The Twilight and under crowd will relate to a couple of high school virgins plotting to steal each others virginity. A ditz and a jock with raging hormones and no grasp of reality. And, because no ensemble romantic comedy is complete without one, the requisite cute little boy entranced by a heart-pounding crush way over his head.

Older folks get their chocolates, too. A supervisor hides her loneliness behind a mask of intimidation. Two venerable aging love birds cope with a revelation that shakes the foundation of their longstanding marriage while a father shows his much younger supervisor what true love and commitment is all about.

Even if the circumstances are far-fetched, chances are you can indirectly relate to at least one of those stories which is what the essence of Valentine’s Day is all about; job well done to rom-com whiz Gary Marshall in that respect.

What Valentine’s Day is not about is reaching its potential. How can you possibly get the most out of Ashton Kutcher, Patrick Dempsey, Kathy Bates, Jessica Biel, Jamie Foxx, Jessica Alba, Bradley Cooper, Eric Dane, Hector Elizondo, Topher Grace, Jennifer Garner, Anne Hathaway, Taylor Lautner, Taylor Swift, Carter Jenkins, Queen Latifah, George Lopez, Shirley MacLaine and Emma Roberts when they have to divvy up two hours of movie between them? Poor Queen Latifah barely gets a minute on-screen yet has the funniest line of anyone. Her agent needed to negotiate another 120 seconds.

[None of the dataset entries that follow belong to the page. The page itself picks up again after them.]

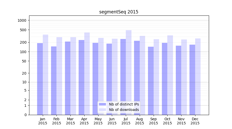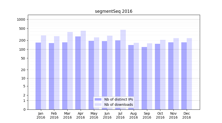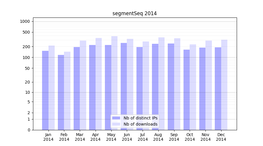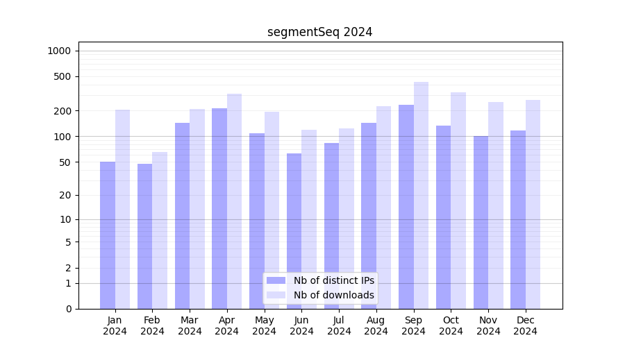 Number of downloads for software package segmentSeq, year by year, from 2025 back to 2014 (years with no downloads are omitted):
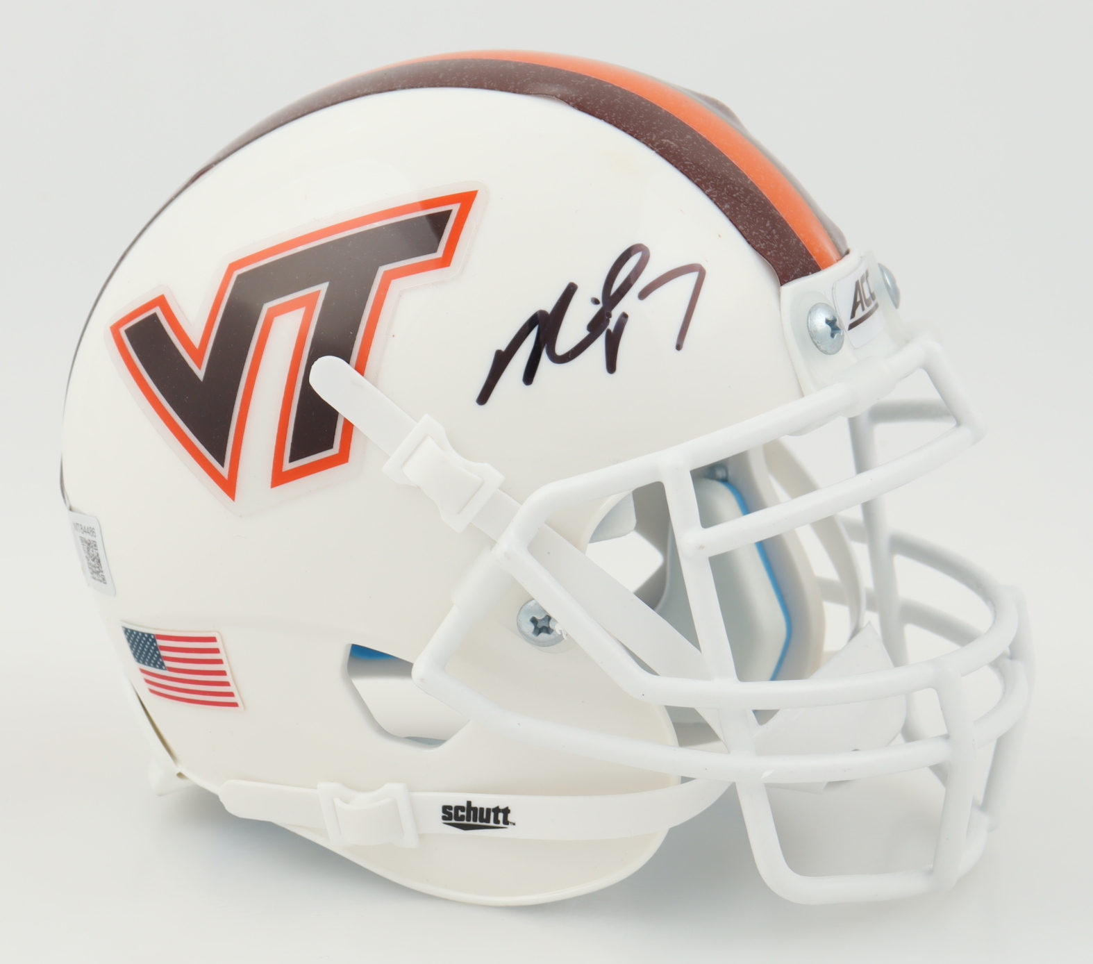 Schutt Virginia Tech Hokies mini helmet. Hand-signed by Michael Vick.
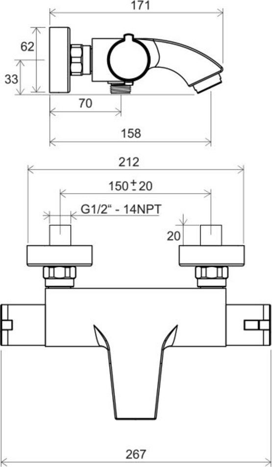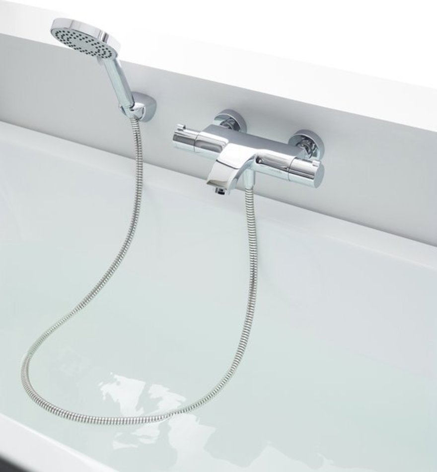 - Термостатический смеситель оснащен керамическим картриджем для регулирования напора воды и термостатическим картриджем для регулирования температуры воды
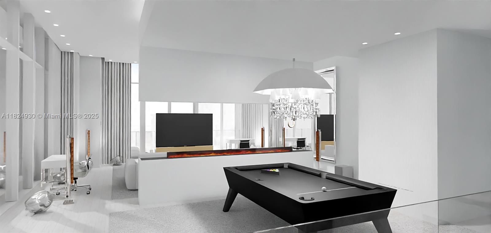 Penthouse 2 at Missoni Baia in Miami’s Edgewater offers refined modern luxury with panoramic views from Biscayne Bay to the city skyline. This rare south-facing residence spans two floors and approx. 7,000 sq ft, including a 2,700 sq ft wraparound terrace up to 12 feet deep, ideal for elevated outdoor living. The upper level features 13-foot ceilings and open-plan living/dining areas, ready for custom or curated designer finishes. A sleek staircase leads to five spacious bedrooms, including a lavish corner master suite and a private theater. Offered with architectural plans and an optional luxury package: Poggenpohl kitchen, designer baths, premium lighting, Crestron tech, top flooring, furnishings, and a Louis Vuitton pool table, defining elite Miami living.
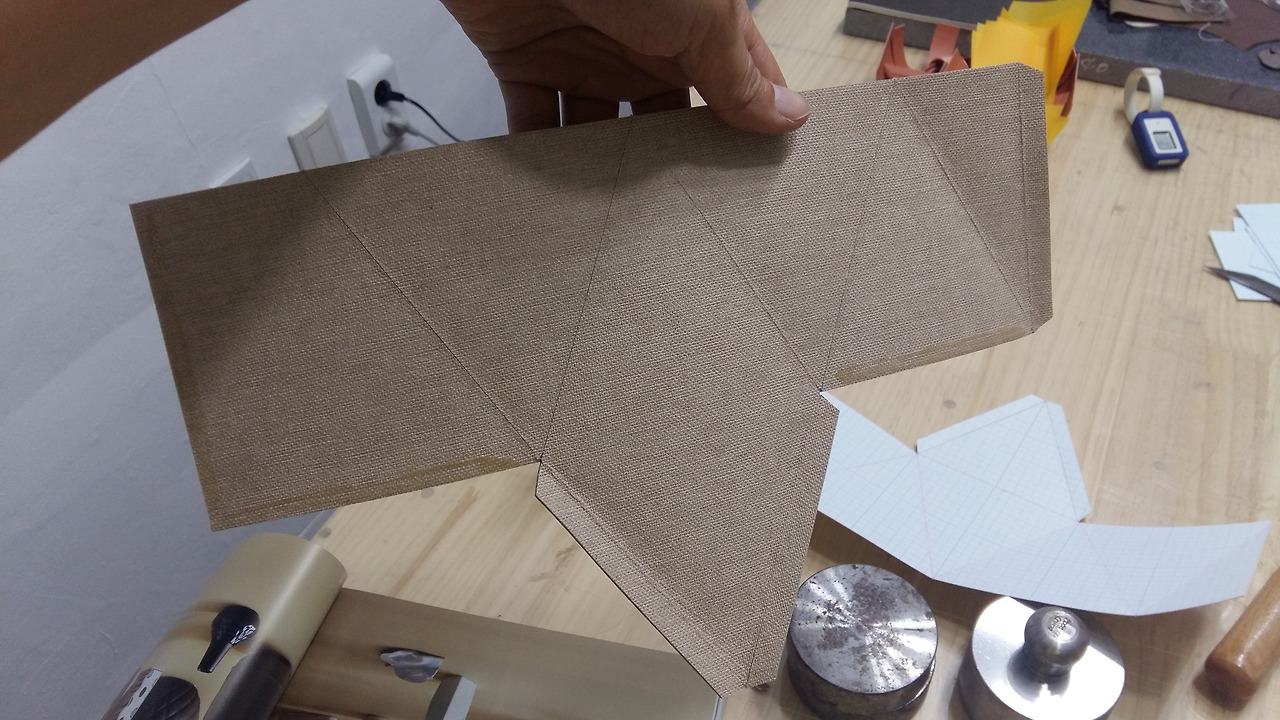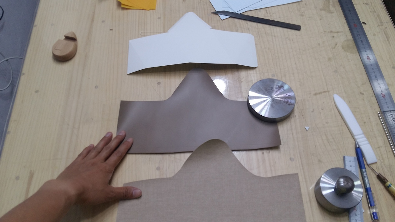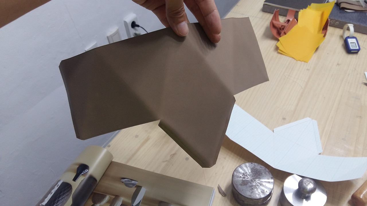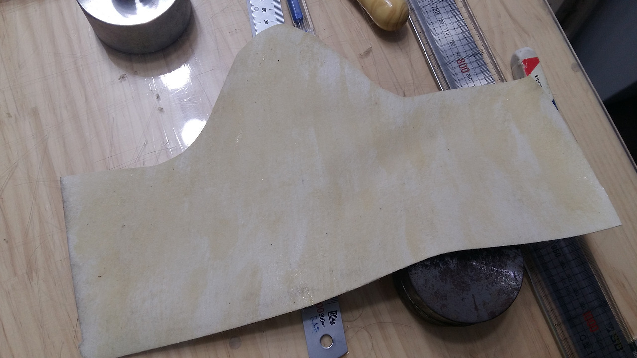 형지가 만들어졌으니 이제 가죽을 재단해 보겠습니다.
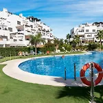 Sunset Golf Apartment Estepona med 2 sovrum, som ligger cirka 10 minuters bilresa från Selwo äventyrspark, har en terrass med en pool. Flygplatsen Malaga kan nås inom 59 minuters bilresa från den här 80 m² stora lägenheten.
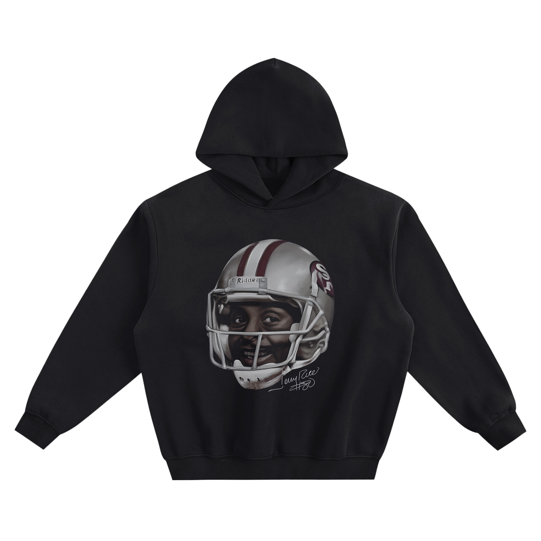 Make an all-time statement with the Jerry Rice Big Face Hoodie—a clean, focused portrait graphic built around instant recognition. The front design features a close-up headshot of Jerry Rice inside a silver football helmet, framed tight so the face fills the center of the piece. Details in the helmet stand out, including the red striping, the “SF” logo on the side, and the facemask bars crossing the lower half of the portrait. A small “Riddell” mark is visible near the top of the helmet, adding to the authentic game-day look of the artwork.
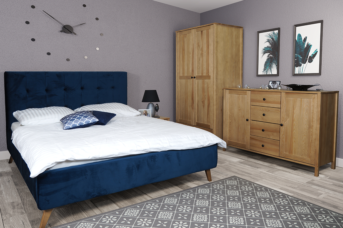 Jeho zásuvky sú vybavené systémom tichého zatvárania, ktorý zaisťuje bezhlučné otváranie a zatváranie. Komoda je dostupná v dvoch farebných variantoch: v prírodnej farbe dreva a bielej, lakovaná moridlom.
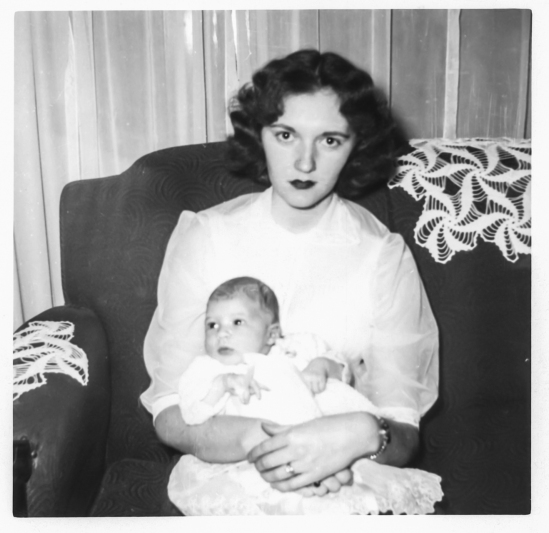 Neither Mom or Dad’s parents were able to attend the wedding in Texas. Â However, Mom and Dad took two trips to Massachusetts in the early 1950s, one after Frank was born, and the second after Susan was born. Â Nana and Grammy were in their early 40s.Â
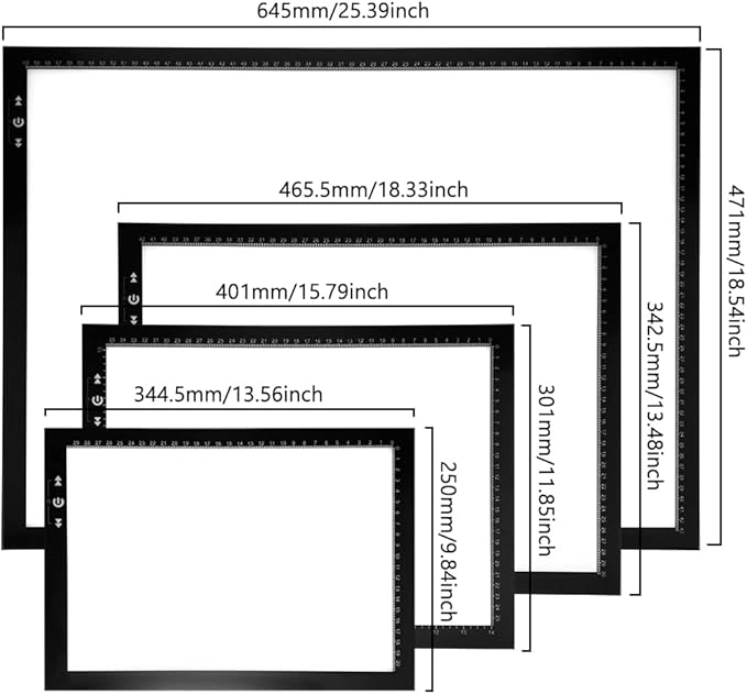 - Easy Carrying -- A4 Size Super Slim Trace Drawing light box with 0.23’’ Aluminum Frame is Sturdy, Light Guide Board make The illumination is perfectly even, super bright, and flicker-free, Overall dimension including Black Frame: 13.56”x 9.84”, Visual area: 12” x 8.27”

Marshall wildly jumping around between stories only exacerbates problems. One minute Jennifer Garner is flying from Los Angeles to San Francisco to surprise her boyfriend while he’s working. After cutting away to follow someone else and returning, she’s back in Los Angeles having found her boyfriend at a restaurant there – all in the same afternoon. How does that work, and where can I learn this incredible skill?

Deserving of props are Taylor Lautner for his willingness to blatantly mock himself and country crooner Taylor Swift for taking a stab at acting which is clearly not her strong suit. She might as well start dusting off a spot next to all those Grammy Awards for a 2010 Razzie win.

A couple funny zingers and neatly tied touching payoffs make Valentine’s Day hard to hate, but cramming in as much plot and talent as humanly possible levels the emotional impact and humor making it hard to love. Its romantic warriors are exaggerated caricatures of real people and will be long forgotten after the next big romantic comedy comes down the pipe. Thankfully for the ladies, the flowery holiday will keep living on.